In 2007, the journalist Adam Gopnik wrote a long essay on Philip K. Dick in which he proposed that all of Dick’s novels are structured around the same question: “What is human?” Sure enough, this question hangs over every chapter of Do Androids Dream of Electric Sheep? In a way, the other four themes of the novel represent four different ways of answering this question (for example, humans are human because they’re capable of making memories; because they alter their environments; because they can buy and sell things, etc.).
Even though there are many ways to answer the question, “What makes us human?”, Do Androids Dream of Electric Sheep? is most interested in one potential answer—humans are human because they’re capable of feeling empathy. (The word “empathy” appears nearly 100 times in the book.) In the future, police officers distinguish between humans and androids by administering the Voigt-Kampff test, which is designed to measure one’s empathetic reaction to a series of emotional situations. Humans are supposed to respond by displaying empathy—i.e., they’re supposed to feel a sense of connection to the people or animals in the hypothetical situations—while androids are supposed to respond with a sense of coldness that borders on psychopathy.
The disturbing “joke” of Do Androids Dream is that, for all the talk about the importance of empathy, there doesn’t seem to be very much of it going around. The human characters in the novel are cold and short with one another, even when they’re friends or spouses. Rick Deckard, the novel’s protagonist, is distant with his wife, Iran, and on the one occasion that he shows romantic interest in another woman, Rachel Rosen, his interest is quickly replaced by disgust. Then there are other characters, such as Philip Resch, who are technically human, but are also cruel and totally lacking in empathy. On the flip side, the androids in the novel, such as Pris Stratton, show occasional signs of an emotional connection to other androids. After Pris learns that one of her friends has been “retired”—i.e., murdered by Rick Deckard—she’s devastated.
One of Dick’s most provocative points about empathy and human nature is that empathy isn’t an emotional reaction at all—rather, it’s a way of uniting humans together against some kind of “other.” In Dick’s vision of the future, millions of people subscribe to a mysterious religion called Mercerism, which requires its members to grip an “empathy box” that enables them to experience the sensations and feelings of their fellow human beings. As the android Irmgard Baty perceptively points out, the purpose of the empathy box isn’t to make human beings kinder or more sensitive—if it is, then the empathy box has clearly failed. Rather, the purpose of the box is to remind human beings that they have a common identity (even if this identity is an illusion) and that they are different from—and superior to—androids. This is a disturbing idea, because it suggests that humans can only respond to Dick’s question, “What is human?”, with a vague and incomplete answer: “Not an android.” It’s as if in the future—a world in which there’s scarcely any empathy left—humans have begun hunting and killing androids in a desperate attempt to remind themselves of their own humanity. The irony, in short, is that humans confirm their humanity—their empathy—by shooting androids, which is just about the most un-empathetic act imaginable.

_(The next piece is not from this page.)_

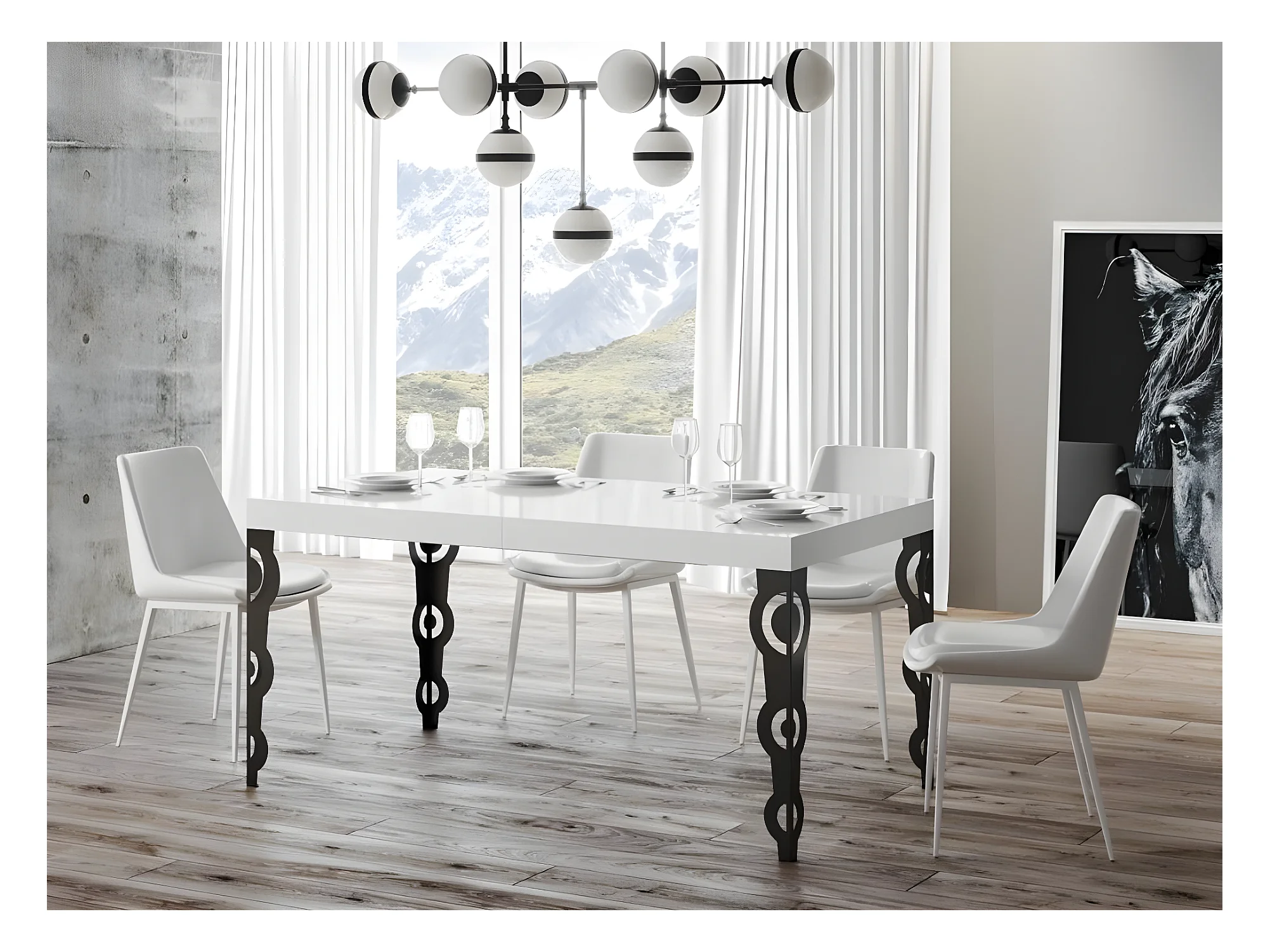 Table à manger extensible Tiroz-Couleur Blanc-4 pieds-2 rallonges épaisses-180 à 284cm

This doesn’t necessarily prove that humans are incapable of empathy—only that there’s nothing automatically empathetic about being a human being. In the end, then, Dick simply doesn’t have a good answer to his own question. By the same token, the characters in his novel are all trying, in one way or another, to understand what it means to be human, and coming up short. But in Dick’s futuristic world—where humans are on the verge of extinction, and where an android can, for all intents and purposes, be human—it becomes increasingly important to try to understand what it means to be human.
Humanity, Androids, and Empathy ThemeTracker
Humanity, Androids, and Empathy Quotes in Do Androids Dream of Electric Sheep?

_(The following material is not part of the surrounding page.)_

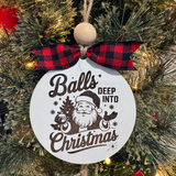 Santa Balls Deep Funny Christmas Ornament | Handcrafted Wood Holiday Decor
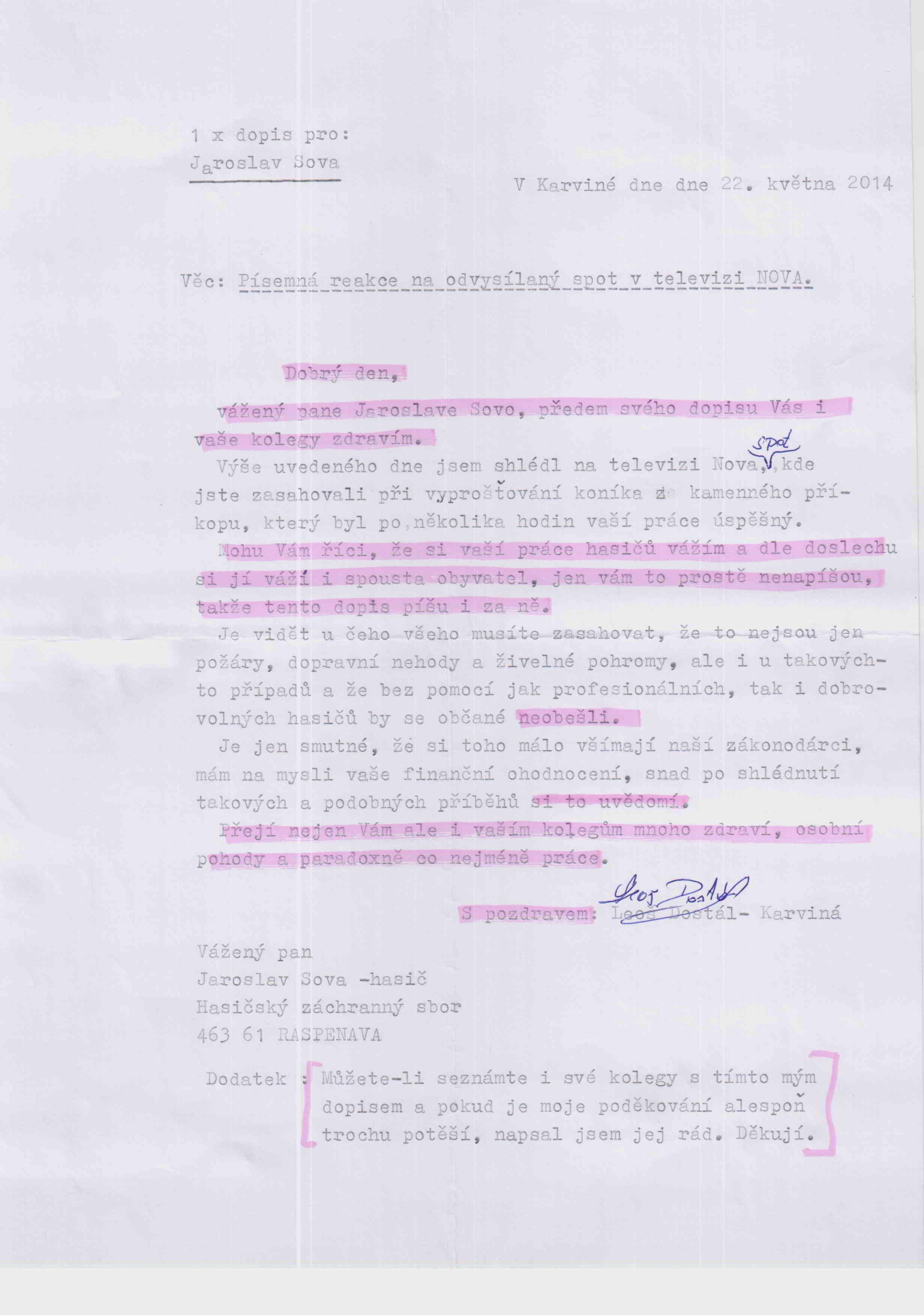 Po odvysílání reportáže TV Nova, ve které hasiči z Raspenavy zachraňovali v lese koně po pádu mezi balvany, jsme dostali na stroji psaný děkovný dopis. Skutečně nás všechny potěšil.

As he started toward his car Barbour called after him hurriedly, "Um, I won't say anything to anybody here in the building."
Pausing, Rick started to say thanks. But then something of the despair that Iran had been talking about tapped him on the shoulder and he said, "I don't know; maybe it doesn't make any difference."
"But they'll look down on you. Not all of them, but some. You know how people are about not taking care of an animal; they consider it immoral and anti-empathic. I mean, technically it's not a crime like it was right after WWT. But the feeling's still there."
He found himself, instead, as always before, entering into the landscape of drab hill, drab sky. And at the same time he no longer witnessed the climb of the elderly man. His own feet now scraped, sought purchase, among the familiar loose stones; he felt the same old painful, irregular roughness beneath his feet and once again smelled the acrid haze of the sky — not Earth's sky but that of some place alien, distant, and yet, by means of the empathy box, instantly available.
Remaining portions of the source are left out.